▶ **Exercise description**: The answer should be the exact lines from the line containing "Telescopic: telescopic crank" through the last line of the material below, with no pictures.
***** Data in this exercise
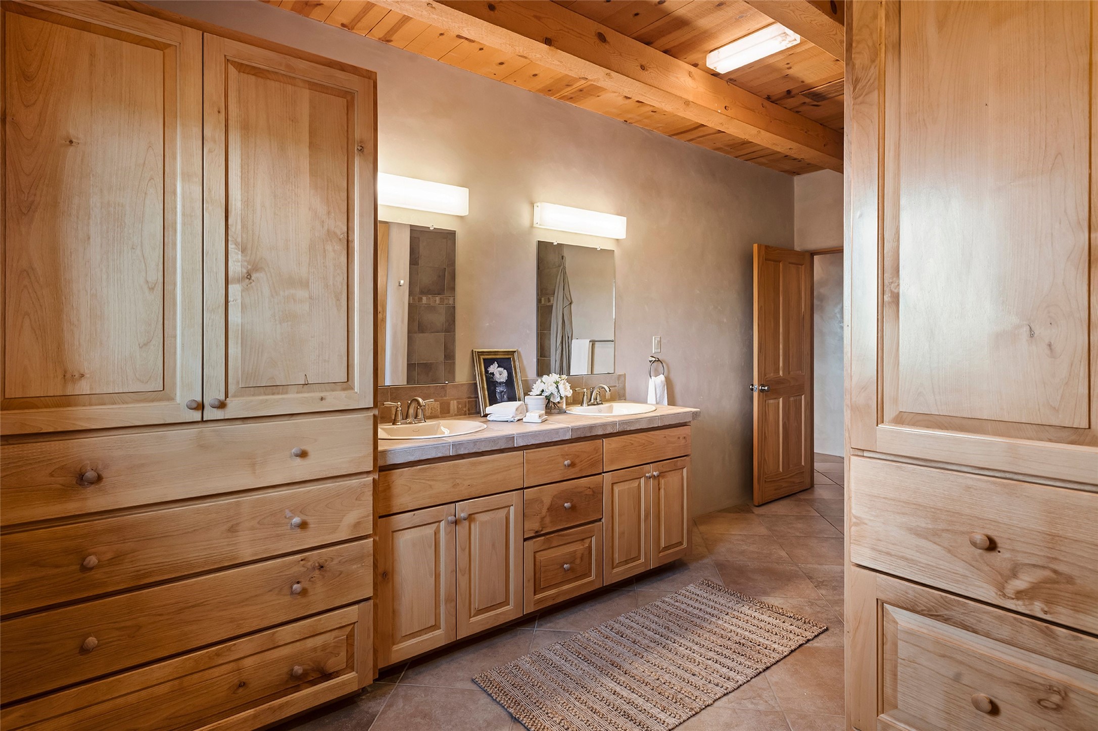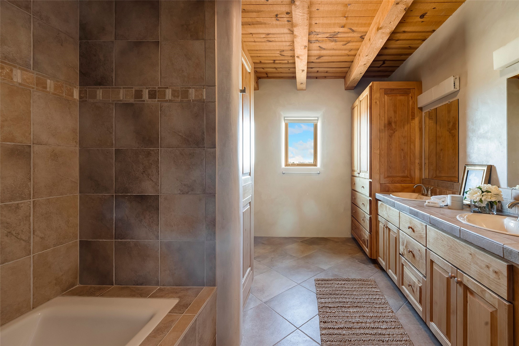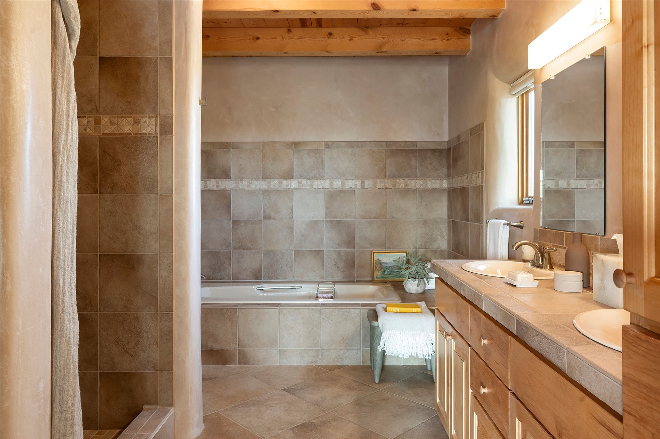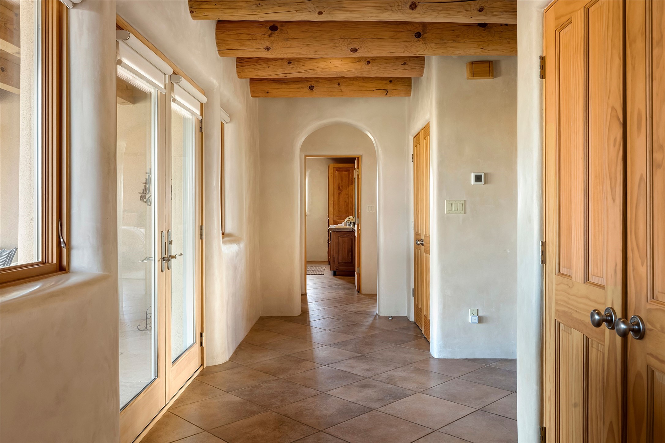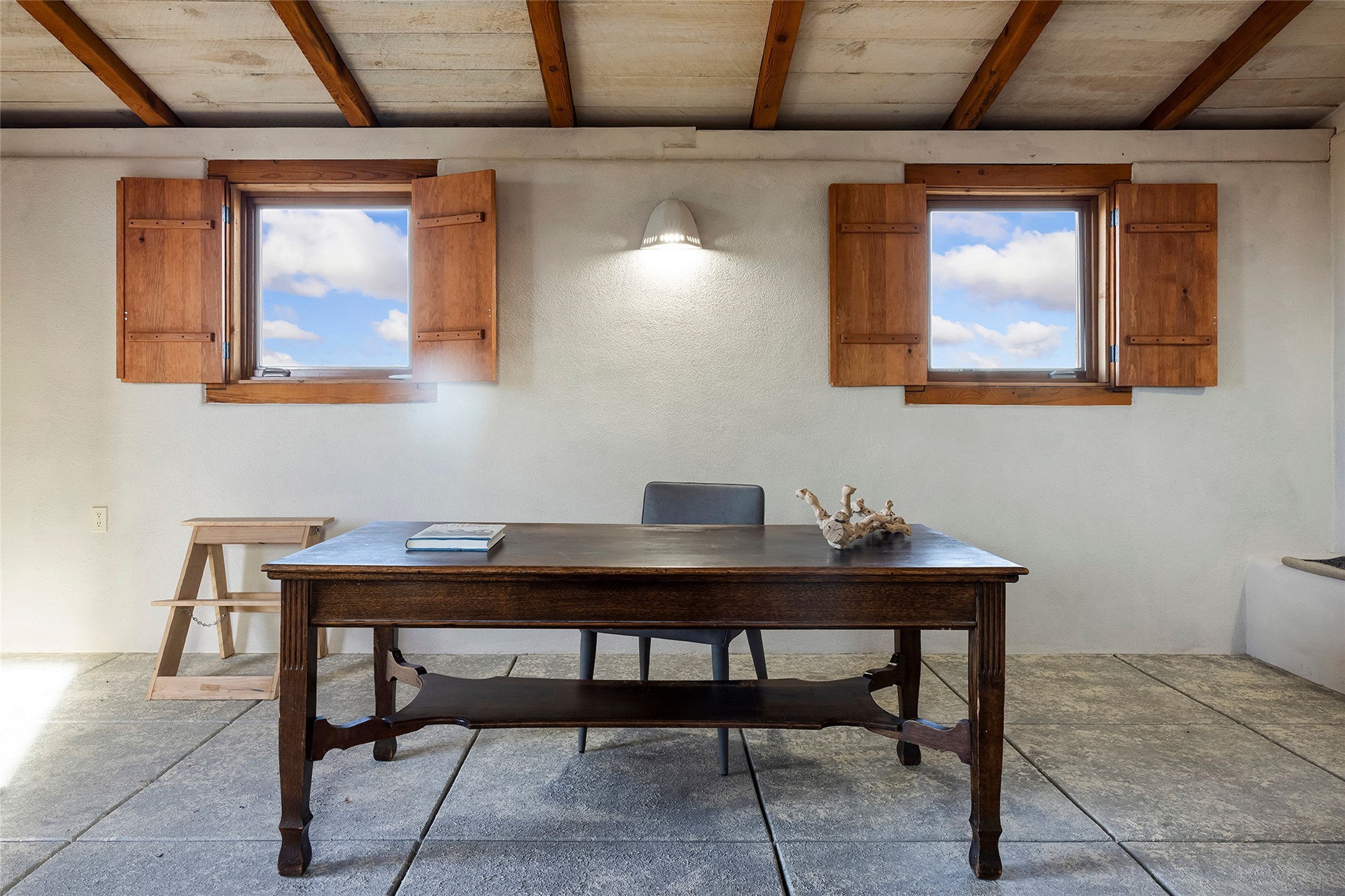 Inspired by the minimalist excellence of the famed Georgia O'Keefe, this 12.5-acre northern New Mexico estate, with horse privileges, is a living canvas where over 3,800 square feet of authentic Santa Fe architecture with an impressive main house and detached studio, captivates with one of most vibrant backdrops of vast mountain ranges and magnificent sunsets. Recently upgraded with quality improvements, this exceptional adobe-built Santa Fe sanctuary with 3 bedrooms and 2 baths within the main house and a private detached studio, sets itself apart with its quality craftsmanship, views, vast acreage, a superior outdoor living experience and flexible use of space. Design features include a stunning living room, anchored by a substantial fireplace, framed mountain views, endless walls for art and dual outdoor access to both courtyards. At its heart lies a professional epicurean kitchen which is well-appointed with Wolf and Sub-Zero appliances, excellent storage and a breakfast bar, all of which opens to the intimate dining room which overlooks the courtyard with expansive views. The luxurious, private owner's suite delights with a Kiva fireplace, French doors leading to the back portal, views and a spa-like bath. Two additional spacious guest bedrooms offer privacy, comfort and views and share an elegant full bath. The property's creative pulse is found in the custom detached studio which offers a light-drenched space with scored concrete floors, a wood-burning fireplace and offers endless possibilities for use. Additional highlights include quality windows which frame long-range mountain views, no interiors steps, warm plaster walls, authentic vigas and wood planked ceilings, neutral finishes throughout, fully enclosed front and back courtyards, a large 3-car garage, vibrant landscape and updated hardscape. ThisSanta Fe home is a rare find and offers a seamless blend of high desert luxury and the rugged, artistic spirit of the land.
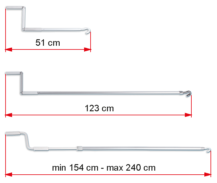 Telescopic: telescopic crank handle with fixed handle, ideal for high motorhomes and roof awnings (delivered as standard with F45L, F65L and F65s).
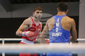София (22 февруари 2023) В зала "София" се провежда 74-ото издание на Международния турнир по бокс за Купа „Странджа“. На снимката: В категория 75 кг Рами Киуан (България) срещу Киван Сумит (Индия) в син екип.
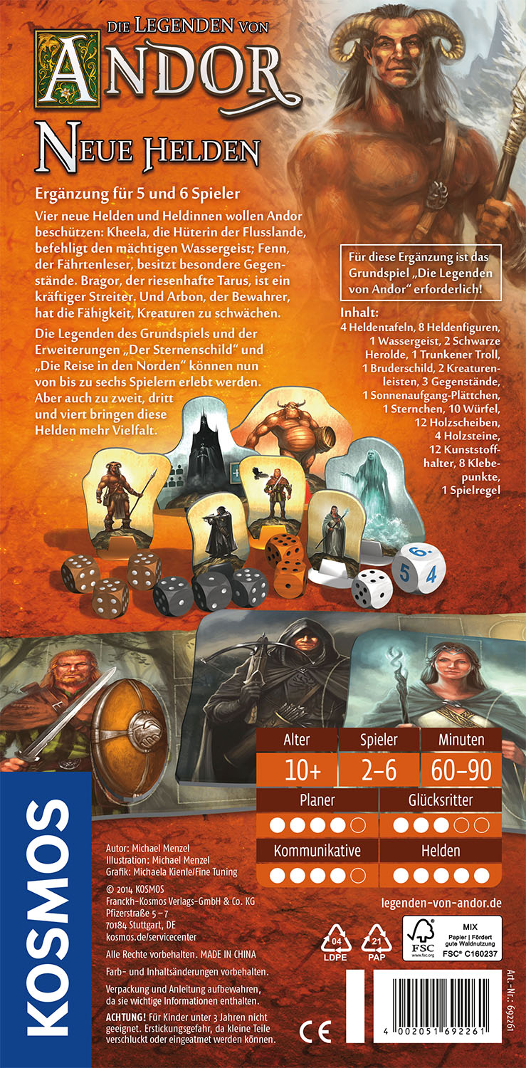 Ergänzung für 5 - 6 Spieler: Vier neue Helden stehen zur Auswahl, mit denen sich alle Legenden des Grundspiels und der Erweiterung "Der Sternenschild" nun auch zu fünft oder sechst spielen lassen. Aber auch bei Runden mit zwei bis vier Spielern können die neuen Helden zum Einsatz kommen und für mehr Spannung und Abwechslung sorgen. Spieldauer: ca. 60 - 90 Minuten.
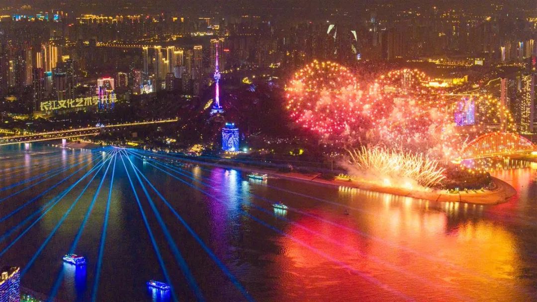 9月14日晚,灯火璀璨、光影交织,长江文化艺术季开幕式在武汉两江四岸壮丽上演。(何宇欣 摄)
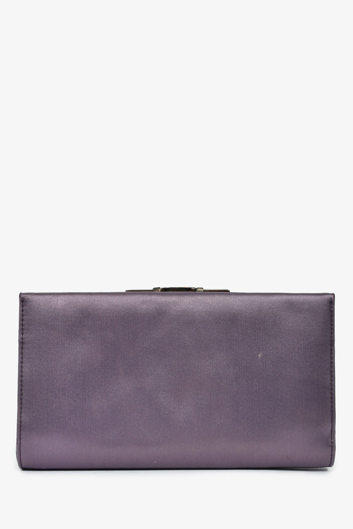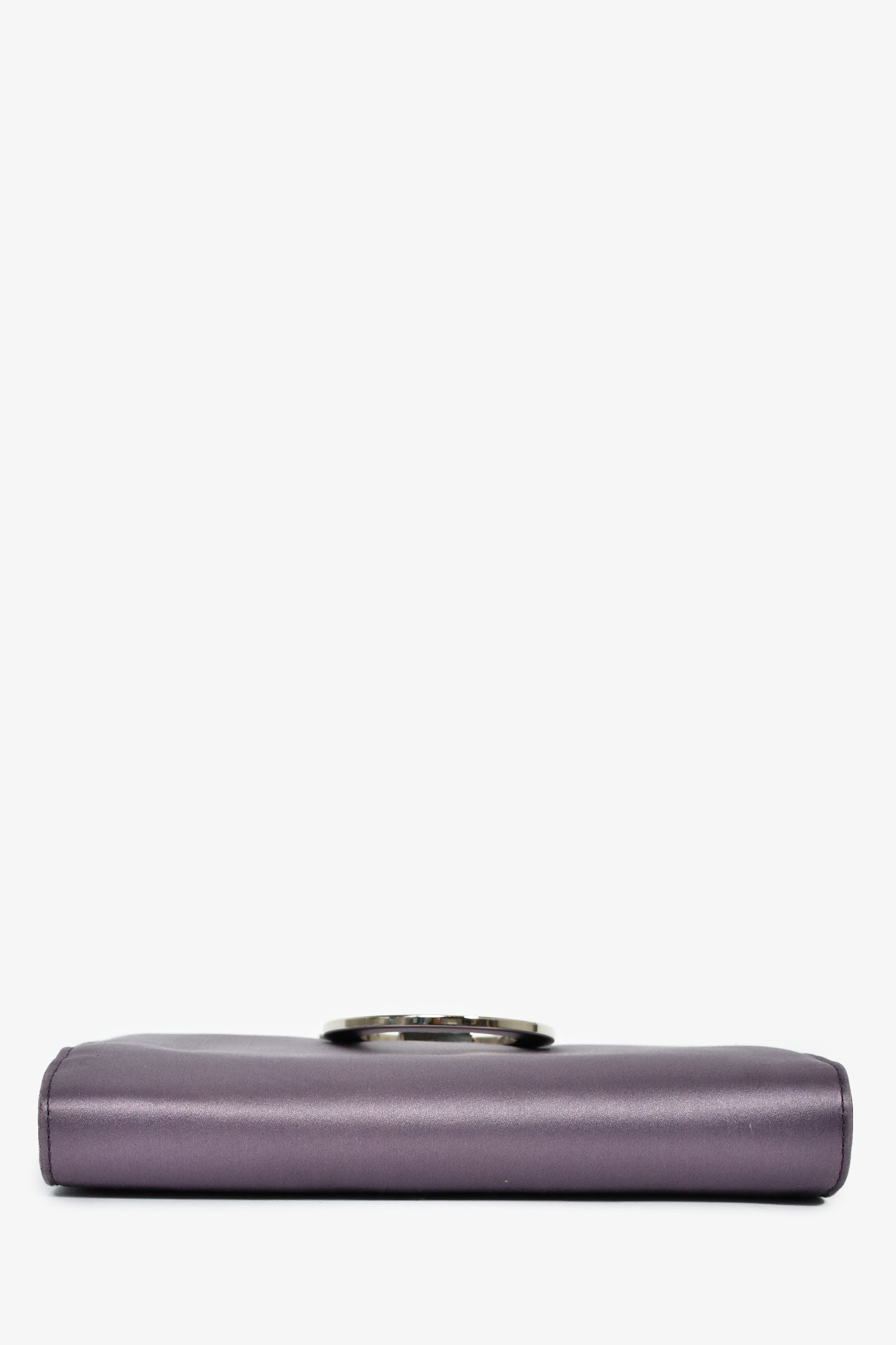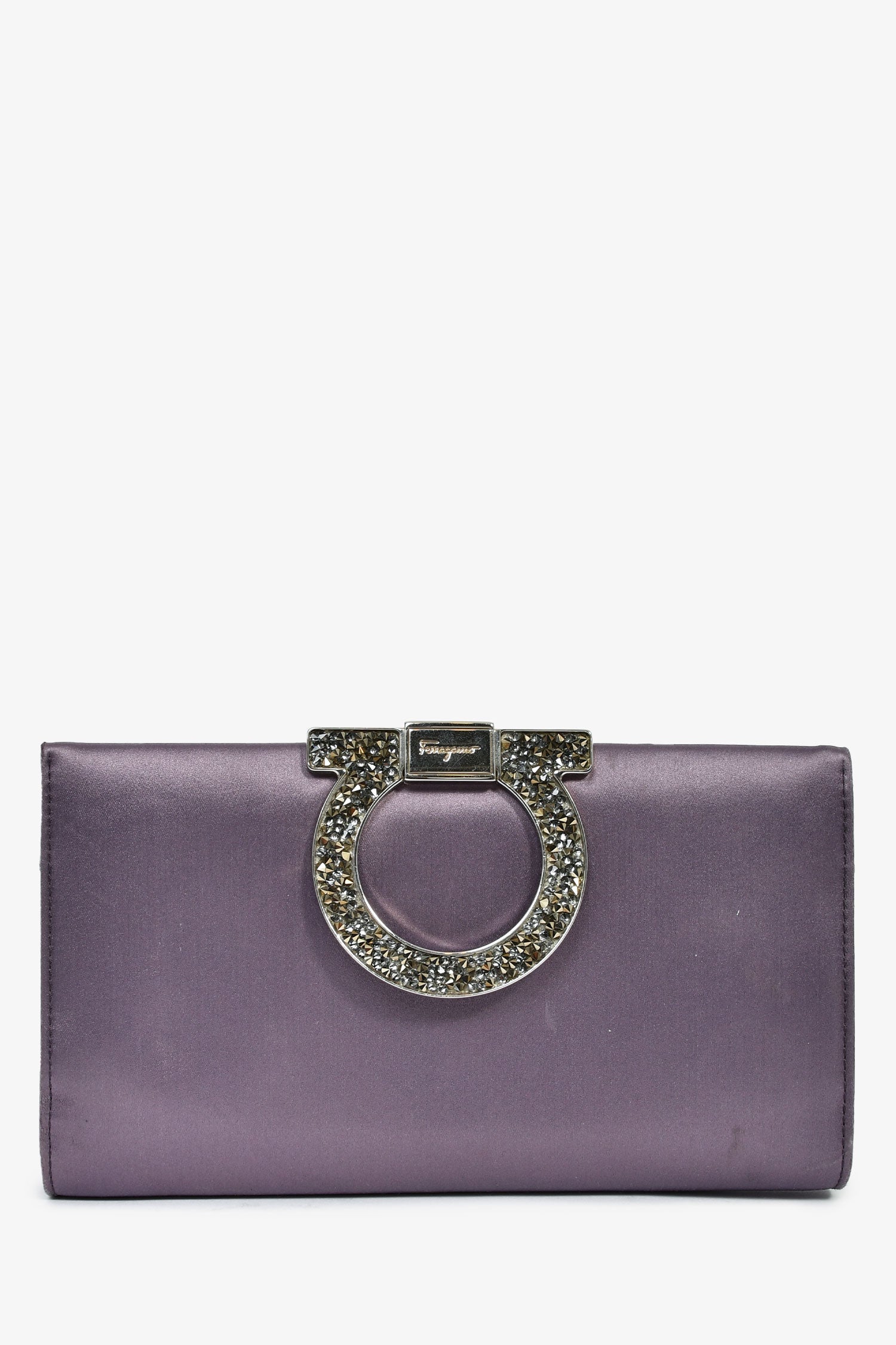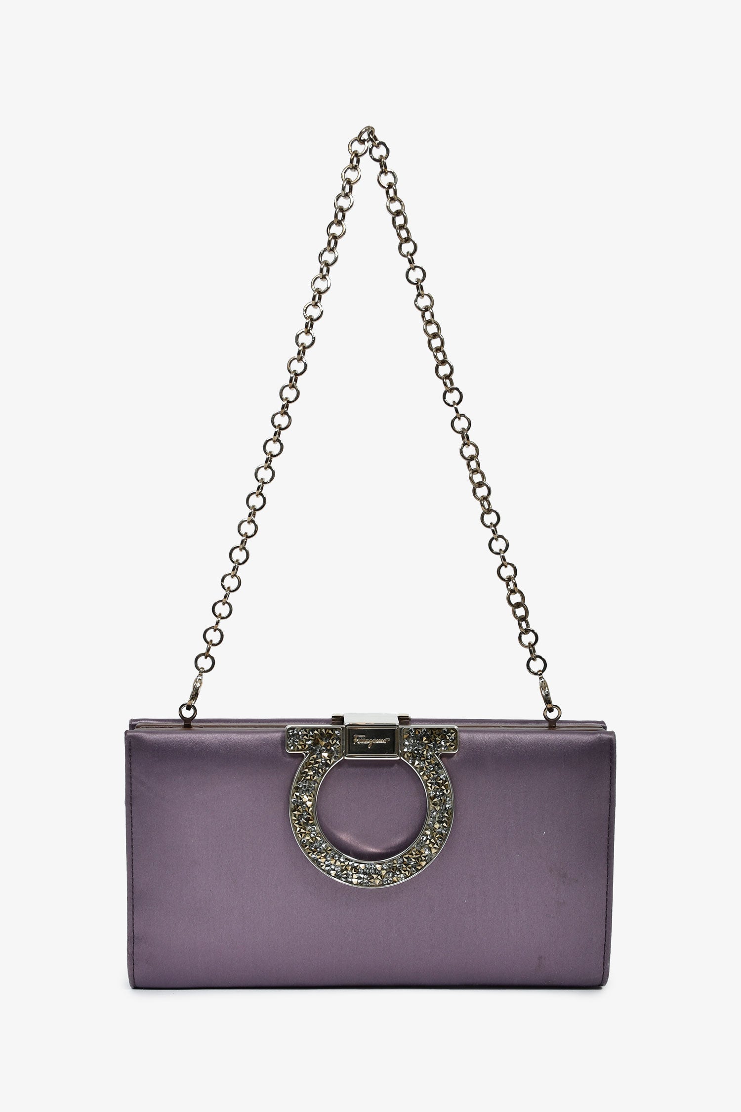 Refresh availabilitySalvatore Ferragamo Purple Satin Clutch with Chain. Top embellished flip-lock closure. Quilted textile interior lining. Single interior wall slip pocket. Non-adjustable detachable chain strap. Silver-tone hardware.
**********
▶ **Answer for the task**:
 Telescopic: telescopic crank handle with fixed handle, ideal for high motorhomes and roof awnings (delivered as standard with F45L, F65L and F65s).
София (22 февруари 2023) В зала "София" се провежда 74-ото издание на Международния турнир по бокс за Купа „Странджа“. На снимката: В категория 75 кг Рами Киуан (България) срещу Киван Сумит (Индия) в син екип.
 Ergänzung für 5 - 6 Spieler: Vier neue Helden stehen zur Auswahl, mit denen sich alle Legenden des Grundspiels und der Erweiterung "Der Sternenschild" nun auch zu fünft oder sechst spielen lassen. Aber auch bei Runden mit zwei bis vier Spielern können die neuen Helden zum Einsatz kommen und für mehr Spannung und Abwechslung sorgen. Spieldauer: ca. 60 - 90 Minuten.
 9月14日晚,灯火璀璨、光影交织,长江文化艺术季开幕式在武汉两江四岸壮丽上演。(何宇欣 摄)
 Refresh availabilitySalvatore Ferragamo Purple Satin Clutch with Chain. Top embellished flip-lock closure. Quilted textile interior lining. Single interior wall slip pocket. Non-adjustable detachable chain strap. Silver-tone hardware.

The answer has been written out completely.